NEW YORK (Reuters) – More Americans have grown critical of President Donald Trump over the past month as the death toll mounts from the coronavirus pandemic and he now trails Democratic challenger Joe Biden by 8 percentage points among registered voters, according to a Reuters/Ipsos opinion poll released on Tuesday.
The poll conducted on Monday and Tuesday showed that 41% of U.S. adults approved of Trump’s performance in office, which is down 4 points from a similar poll that ran in mid-April. Fifty-six percent disapprove of Trump, up by 5 points in the same span.
It also found that 46% of registered voters said they would back Biden in the Nov. 3 presidential election, while 38% would vote for Trump. That compared with a 2-point Biden lead in Reuters/Ipsos polling last week.
Americans also appear to be increasingly critical of the way Trump has handled the health crisis. According to the poll, those who disapprove of Trump’s performance at the helm of the country’s pandemic response outnumber those who approve by 13 percentage points – the highest level of net disapproval since the poll started asking the question at the beginning of March.
Trump initially downplayed the threat of the virus that has killed more than 80,000 people in the United States, the highest death toll of any country.

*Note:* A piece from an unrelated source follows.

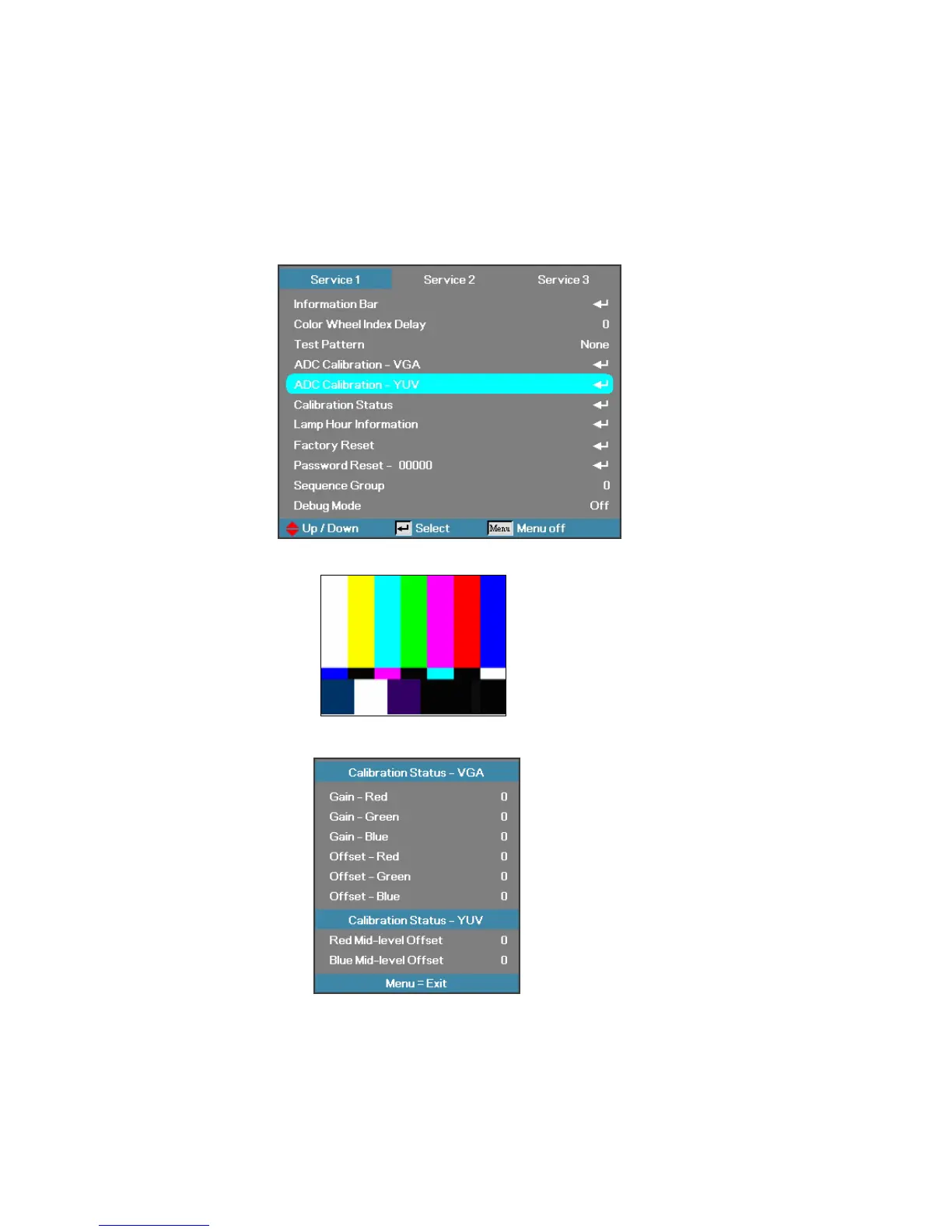 Step 1: In Service 1 Mode select ADC Calibration - YUV. In this menu input pattern with 75﹪SMPTE
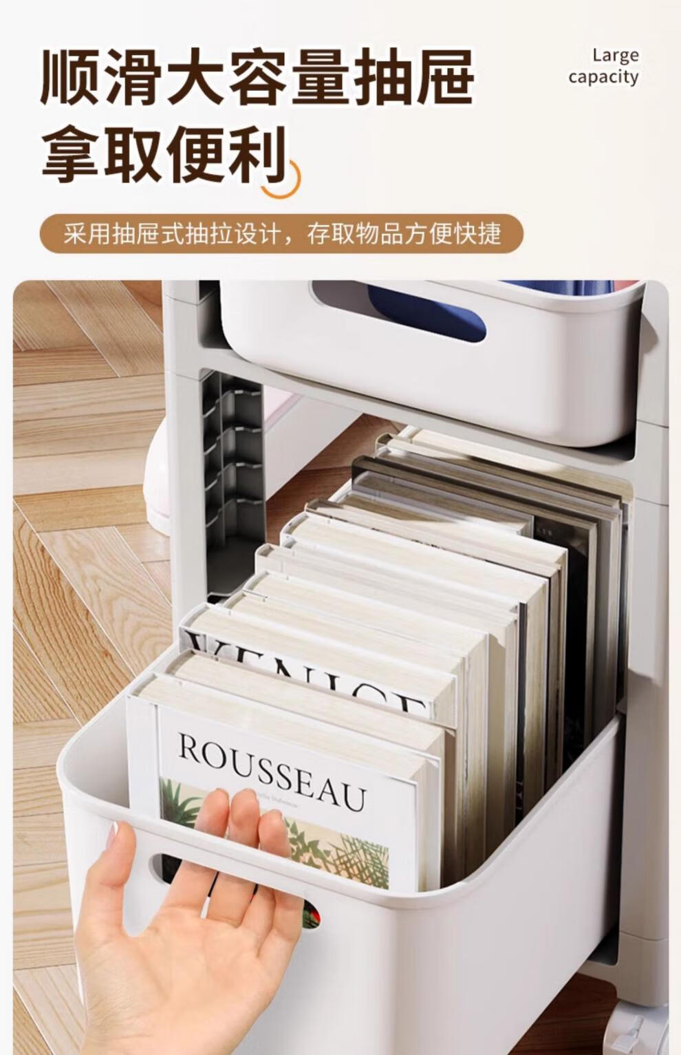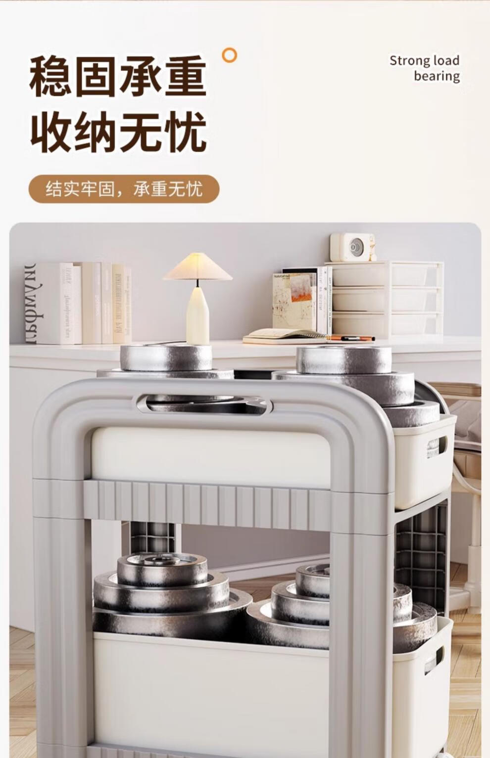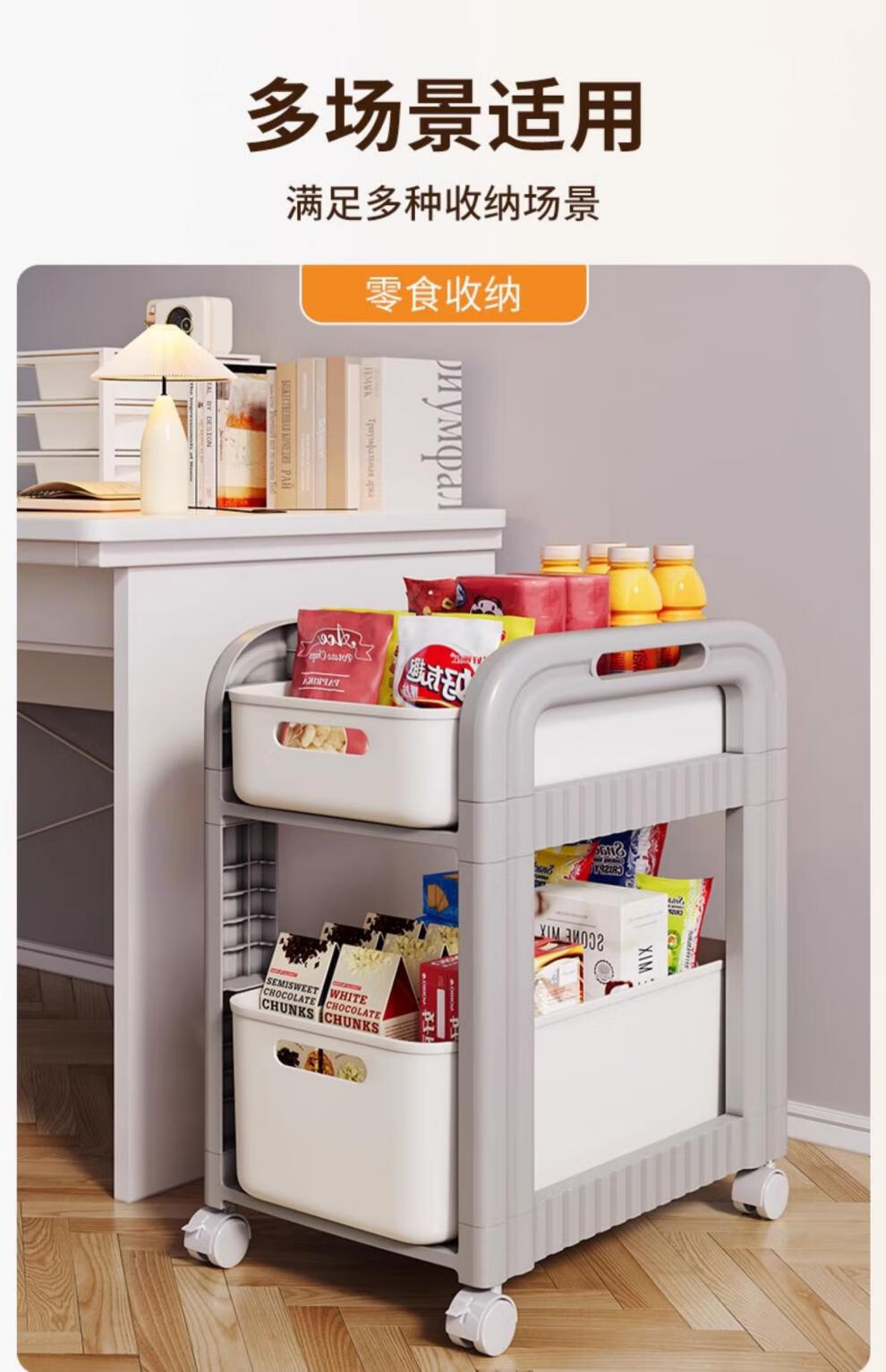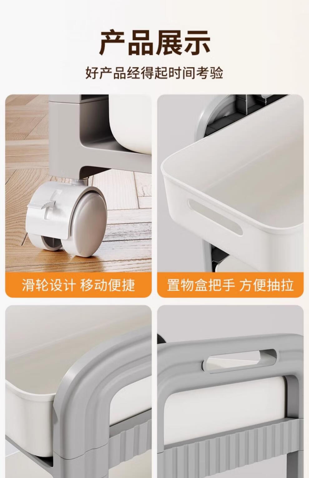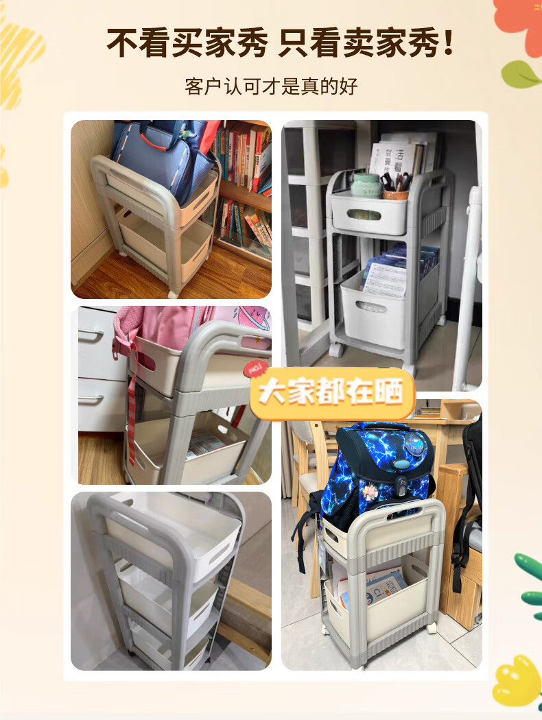 迈途森书包置物架可移动小推车书本收纳架神器家用多层放书包桌下滑轮柜 灰白色-两层【1高+1矮】带轮可拆卸

He has sometimes contradicted disease specialists in his administration, promoted potential treatments that were not found effective and has accused Democratic governors of reopening their states slowly in order to hurt his re-election chances.
The Republican president has defended his administration’s handling of the crisis and has accused China of failing to alert the world to the severity and scope of the outbreak, which has hammered the economy.
Biden has routinely led Trump among polls of registered voters this year. But his lead had been steadily eroding until this week.
The public sees Trump as the stronger candidate for job creation, while Biden is seen as better suited on healthcare issues. The poll showed that the public was split over which candidate would be better for dealing with the coronavirus response.
The Reuters/Ipsos poll was conducted online, in English, throughout the United States. It gathered responses from 1,112 American adults, including 973 who identified as registered voters. It had a credibility interval, a measure of precision, of plus or minus 4 percentage points.